I keep telling people to focus on the price action and not the PR's because the only PR's that matter are the one's that talk about how much oil is coming out or about to come out of the ground. By the time those PR's come out the price is already moving.
But no, people keep trying to extrapolate too much out of a PR and then get disappointed when because they seem to have not yet figured out that management is fighting a war of words against the bears.
It is simple playground warfare. When you are a small guy getting picked on by the big guy you make yourself as menacing as possible. Make them think you know karate, have a big brother that will whip the bullies ass, that you have a knife in your back pocket, anything to make them think twice.
People complain that Treaty isn't doing this, is behind on that, blah blah blah. Do you know where they would be right now if instead of saying they could hit 1,000 bpd by mid year that they really thought that they would have zero oil production until August? And then in August they might have roughly 250 bpd? Would you even be invested if that's what they told us last year? Do you know what the bears would have done to this stock? They would have absolutely bombed Treaty back into the stone age.
I doubt this stock would even hold a penny if they erred towards a timid and lackluster estimate. Do you think they would have gotten funding for the Woodridge leases? For the Shelby leases? Or gotten SLB and Tucker involved if they said back in Q4 2011, "gee guys, I would rather underestimate and overperform so I'm going to tell the world that not a single drop of oil will flow until late next year."

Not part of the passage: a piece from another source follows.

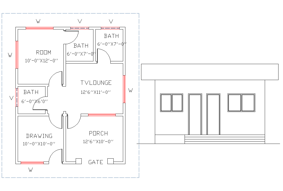 Layout plan with elevation design of house dwg file. find here single level layout plan with elevation design with much more detailing in autocad file.
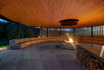 Som to cirkelformede strukturer udgør pavillonen og bålhytten et enestående udemiljø, der er smukt integreret i det bølgende landskab.

Investing, and particularly penny stock investing in start up E&P plays, let alone running a start up E&P takes huge brass balls.
In the book, The Big Rich, the story about the big 4 Texas oil families those guys were so full of bullshit, missed multiple deadlines, had debt piled upon debt upon debt, had so many dry holes, but not once did they walk around like their shit didn't stink. Perception absolutely matters, and even if it is bluffing 90% of the time that 10% chance is what keeps the enemies thinking twice.
Treaty's PR strategy is to talk big and think big, even if they can only live up to the hype one piece at a time one day at a time. Look at their market cap, it's about 30 million bucks in pennyland. That is bigger than some small caps E&P plays.
I just exited out of WGAS this week. It's a timid little company slowly plodding along and that's why it's only a 2 million dollar market cap and probably about to drop back to 1 million.
I am not here in pennyland to play it safe. I am here to swing for the fences and therefore I want a company who thinks big, talks big, because they plan on being big. So what if they miss a deadline or two here or there, that's the price of playing the pennies. If you want "safe" buy a diversified portfolio and enjoy your +/- 2% performance against the S&P each year. I am looking for them to hit 1,000 bpd by end of year to early next year even with setbacks along the way. Even if it takes until next summer to play out I will still be a millionaire many times over.
Forget the PR's, to hell with the PR's, they mean diddley squat unless it reports a BPD number materially higher than the previous one and by that time I guaranty you that the price has already moved before it hit the wires.